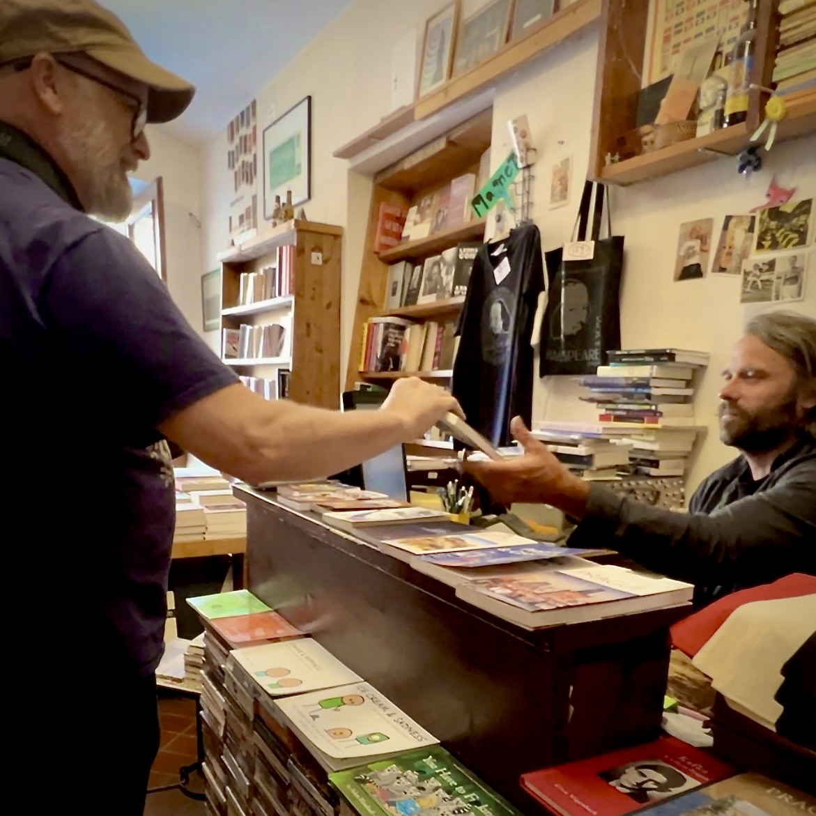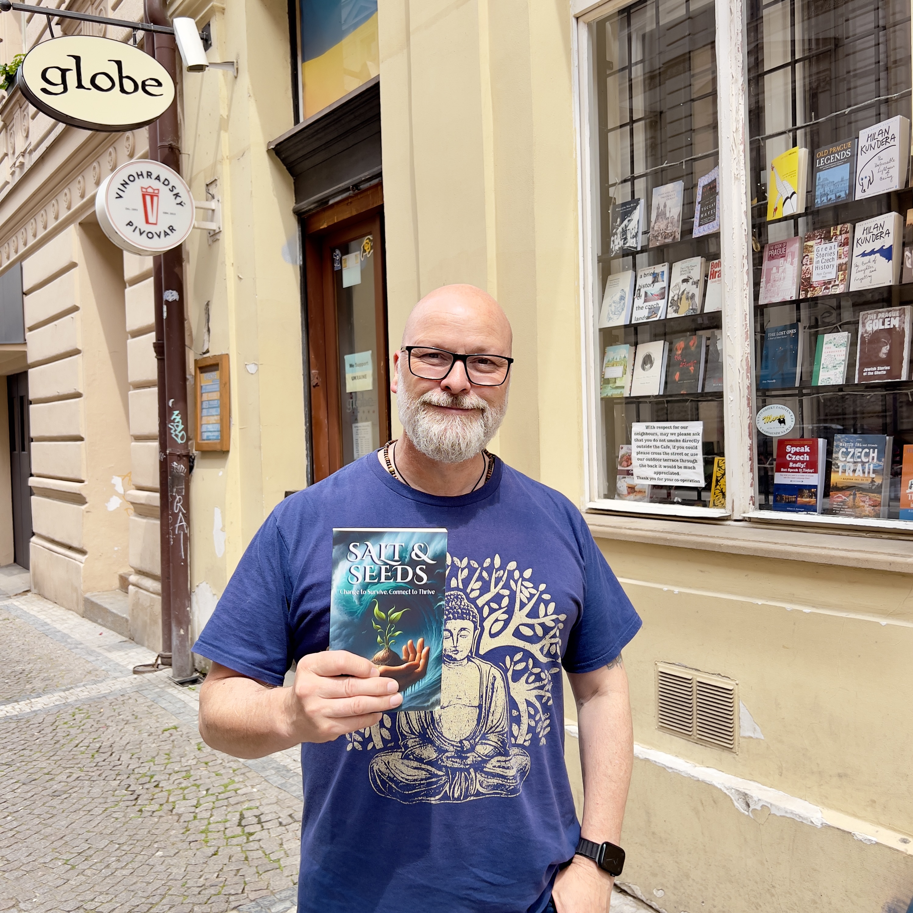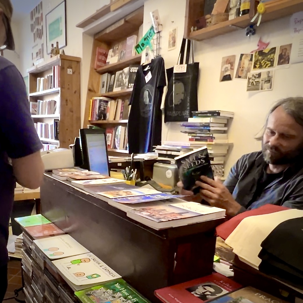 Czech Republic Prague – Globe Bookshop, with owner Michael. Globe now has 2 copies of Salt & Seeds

---

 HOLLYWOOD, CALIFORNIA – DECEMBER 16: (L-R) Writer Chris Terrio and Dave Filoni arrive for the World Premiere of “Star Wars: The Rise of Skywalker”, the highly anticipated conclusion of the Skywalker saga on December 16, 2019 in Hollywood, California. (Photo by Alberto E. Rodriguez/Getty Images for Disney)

==

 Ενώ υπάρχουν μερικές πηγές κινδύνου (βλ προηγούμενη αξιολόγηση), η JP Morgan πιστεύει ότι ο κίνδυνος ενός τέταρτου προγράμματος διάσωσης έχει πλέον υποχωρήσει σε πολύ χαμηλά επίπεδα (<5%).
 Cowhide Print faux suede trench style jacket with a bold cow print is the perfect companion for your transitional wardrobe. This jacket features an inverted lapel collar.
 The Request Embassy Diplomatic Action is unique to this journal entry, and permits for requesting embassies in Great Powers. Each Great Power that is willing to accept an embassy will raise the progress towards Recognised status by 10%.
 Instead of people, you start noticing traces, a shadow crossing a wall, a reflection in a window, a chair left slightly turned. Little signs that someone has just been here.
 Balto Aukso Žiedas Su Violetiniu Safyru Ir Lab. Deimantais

● **Work to be completed**
Look through the data above and return exactly the lines from the one that contains "The Request Embassy" to the one that contains "Balto Aukso Žiedas", inclusive, with nothing else.

● **Expected output**
 The Request Embassy Diplomatic Action is unique to this journal entry, and permits for requesting embassies in Great Powers. Each Great Power that is willing to accept an embassy will raise the progress towards Recognised status by 10%.
 Instead of people, you start noticing traces, a shadow crossing a wall, a reflection in a window, a chair left slightly turned. Little signs that someone has just been here.
 Balto Aukso Žiedas Su Violetiniu Safyru Ir Lab. Deimantais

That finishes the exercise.